Nie ma co się oszukiwać. Facebook musi zarabiać, a sednem jego biznesu są reklamy. Na smartfonach jest za mało miejsca na ekranie, stąd wspaniałomyślnie Zuckerberg pozwala chatować ze znajomymi bez oglądania reklam w tle. Na większych ekranach tego miejsca jest już więcej, więc pozwolenie na prowadzenie rozmów podczas korzystania z innych aplikacji na komputerze użytkownika nie jest pożądanym scenariuszem - dla twórców portalu, oczywiście
Nie, żeby mnie to dziwiło, a zresztą podobnie sytuacja wygląda na iPadach. Tak jak na Windows 8.1 nie istnieje na tablety Apple dedykowana wersja Messengera, a zamiast tego w obrębie głównej aplikacji Facebooka użytkownicy otrzymali marną namiastkę Chat Heads znanych z androidowej wersji komunikatora. Tablety z Androidem to z kolei w ogóle inna historia, a Facebook zdaje się zapomniał o ich istnieniu...
Co dalej?
Ciekawi mnie, jak Facebook ma zamiar w (odległej) przyszłości połączyć (lub nie) Facebook Messengera z Whatsappem. Z jednej strony utrzymywanie dwóch komunikatorów nie ma większego sensu, a z drugiej… niezależnie od tego, który z nich wybiorą użytkownicy, Facebook wygrywa, prawda? Trzymanie przez Zuckerberga w ręku Messengera i WhatsAppa sprawia przy tym, że twórcy Hangouts i Skype mają naprawdę trudne zadanie - nawet nie tyle co w zdobyciu większych udziałów w rynku, co w utrzymaniu obecnych.

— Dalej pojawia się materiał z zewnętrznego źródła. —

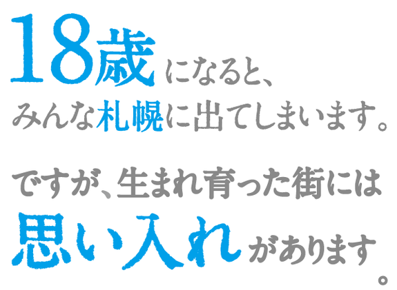 僕らの住む街、北海道滝川市は人口約42,000人の小さな市で、札幌と旭川の中間に位置しています。18歳、高校卒業時には進学や就職で、多くの人が札幌や東京へ引っ越します。なんで、みんな滝川からいなくなってしまうんだろう?行きたい学校も、働きたい場所もないのかもしれません。僕も一度は札幌に出ていたし気持ちはわかります。でも生まれてきた場所の思い出は、誰にだって絶対特別なんです。

Microsoft i Google mają naprawdę twrdy orzech do zgryzienia, bo Facebook naprawdę wyrobił sobie pozycję społecznościowego lidera - i co gorsza, doskonale zdaje sobie z tego sprawę. Portal przywiązał do siebie w końcu ponad miliard ludzi, a komunikator jest ważną częścią portalu i narzędziem wykorzystywanym przez setki milionów z nich. Zuckerberg i spółka wykorzystują fakt, że użytkownikom nie będzie łatwo porzucić tej metody kontaktu.
O tyle dobrze, że mobilny Messenger rozwija się naprawdę w dobrym kierunku. Jest spora szansa na to, że Facebook nie popsuje tej aplikacji, a będzie na nią chuchał i dmuchał. Martwi mnie jednak to, że jednocześnie użytkownicy korzystający z niego na komputerach (a to przecież w większości te same osoby, które chatują mobilnie!) są dla Facebooka dzisiaj owieczkami do strzyżenia.